In the previous #devlog I mentioned that using a fragment-shader to implement palette shifting appeared as a potential performance bottleneck. In fact, sending a uniform array of 256 elements to the fragment-shader is costly and, when called several times for each frame, makes the FPS drop rapidly. In addition to that, it occurred to me that pixel-perfect primitives are difficult to implement in OpenGL. Among the many, smaller circles (e.g. with a two pixel-wide radius) are almost impossible to achieve.

That has been more than enough to persuade me to code an in-house software renderer (which was something already tinkered about, lately).

Switching from OpenGL to a software blitter was rather straight-forward. The engine was already modularized enough and the graphic layer was self-contained and exhibited a generic API. Also, since I’ve been code-pulling pixels since the mid-‘90s, I already knew the topic. Nevertheless, I tried and add some advanced features (such as independent x/y scaling, rotations, affine transformations) that in the past I just avoided since they were unneeded and/or too complex for the CPUs of the time. In addition to that, I coded some basic 2D primitives drawing routines, which proved a bit more challenging.

The GLFW/OpenGL layer is used only to present the final frame-buffer data to the user. This is achieved by converting on-the-fly the 8-bit offscreen buffer to an ARGB memory buffer and moving the latter to a pre-allocated (OpenGL) texture with a single glTexSubImage2D call. With a single triangle-strip, the texture is drawn onto the video frame-buffer, stretching if necessary. This also enabled the presence of an (optional) single post-fx fragment-shader (which is the only advanced feature I kept).

During the whole process, I struggled to keep the code as consistent, clean, and optimized as possible without sacrificing understandability. In the end, I’m pleased with the result.

When palette switching and/or shifting is used, for mid-to-small canvases (e.g. 256x256 pixels) I gained almost an x8 performance boost over the OpenGL version of the renderer. With bigger or when palette switches/shifts aren’t used, the performance boost is less evident. However, this is not dramatic… let’s not forget that the engine is primarily aimed to lo-fi games (I don’t plan to draw ~10K sprites regularly). With some kind of z-index or dirty-region technique we could possibly have better performances, but the additional complexity won’t make it worth the effort.

We can sum up the engine features added with this iteration as follows:

  • explicit screen clear operation (this was implicit in each frame-buffer redraw);
  • support for BOB (Blitter OBject) drawing with independent x/y scaling, x/y flipping, rotation, and rotation anchoring;
  • SNES-inspired Mode-7 affine transformation w/ scan-line dependent parameters (table-based, much like HDMA),
  • per palette-index shifting and transparency (applied on each draw operation);
  • rectangular clipping for both BOBs and primitives drawing;
  • push/pop operations for the current drawing-state (clipping-region, palette, shifting, transparency);
  • multi-level auto-adaptive FPS capping.

While on the topic, I drafted some features that I’m still not sure if they are worth to be included, that is:

  • pattern-based fill for primitives;
  • raster bitwise operations;
  • global foreground (i.e. pen) color, implicitly used when not specified.

This engine iteration has also been the chance to optimize Lua’s integration.

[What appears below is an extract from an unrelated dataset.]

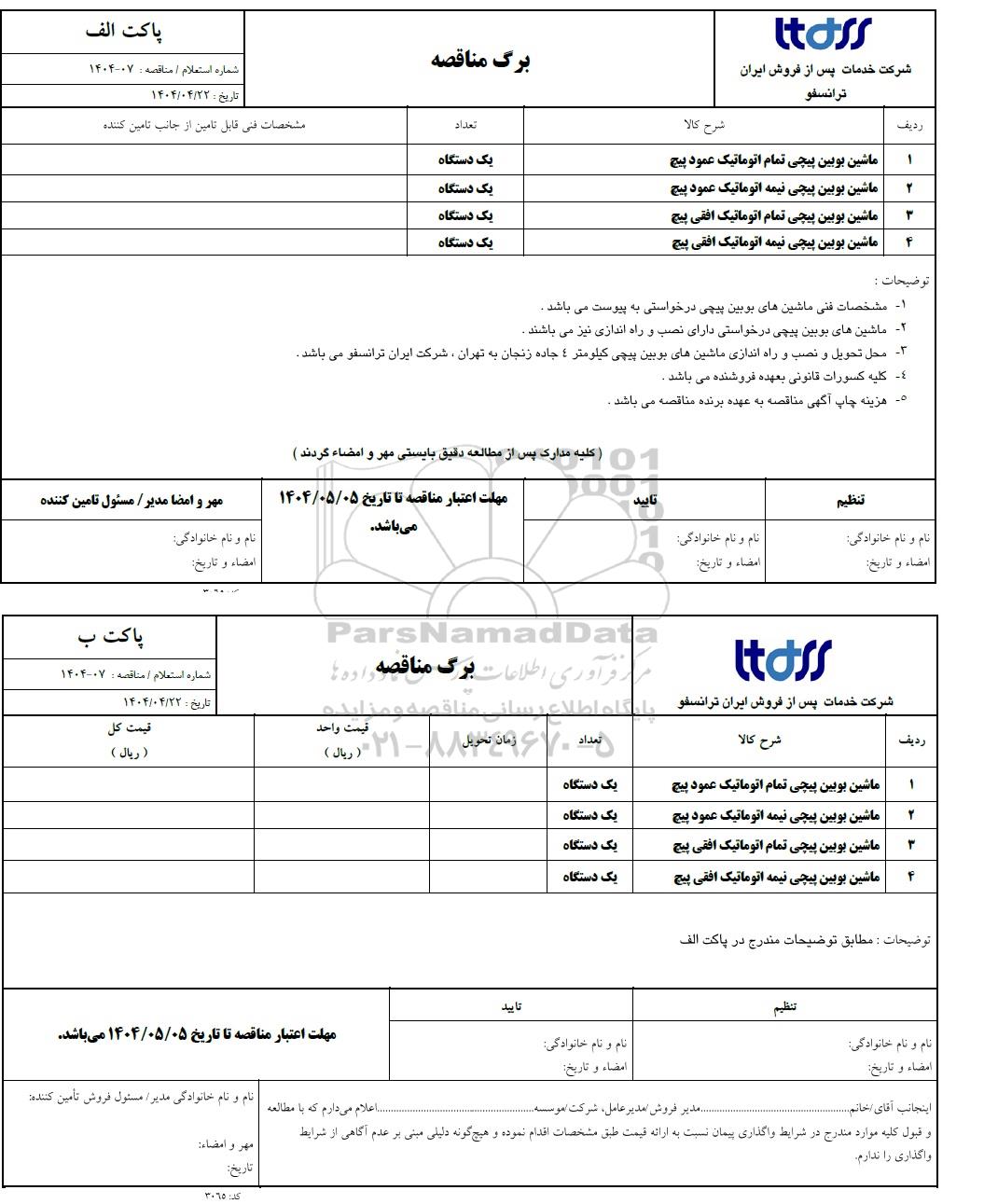 مهلت اعتبار مناقصه تا تاریخ 1404.05.05 می باشد.

I’ve decided to favour, internally, 32 bit floats and integers and Lua has been compiled with such settings (I don’t feel the need to use larger data-types, honestly). Also, I’ve perfected the build process by adding automatic luacheck and generation of the embedded scripts (based on hexdump… I’d like to pre-compile the Lua files to byte-code, too). Finally, I added a memory-leak checker (i.e. stb_leakcheck.h) and valgrind. The latter proved extremely useful to track a nasty bug (but one needs to be careful and enable Mesa software rendering or the application will stop abruptly).

For the next iteration, I plan to move the first steps into the audio subsystem (first of all by finding a suitable portable audio library to leverage). Also, I’d like to write some separate blog entries to detail the algorithms used in coding the software-rendered (this ancient art is rapidly disappearing).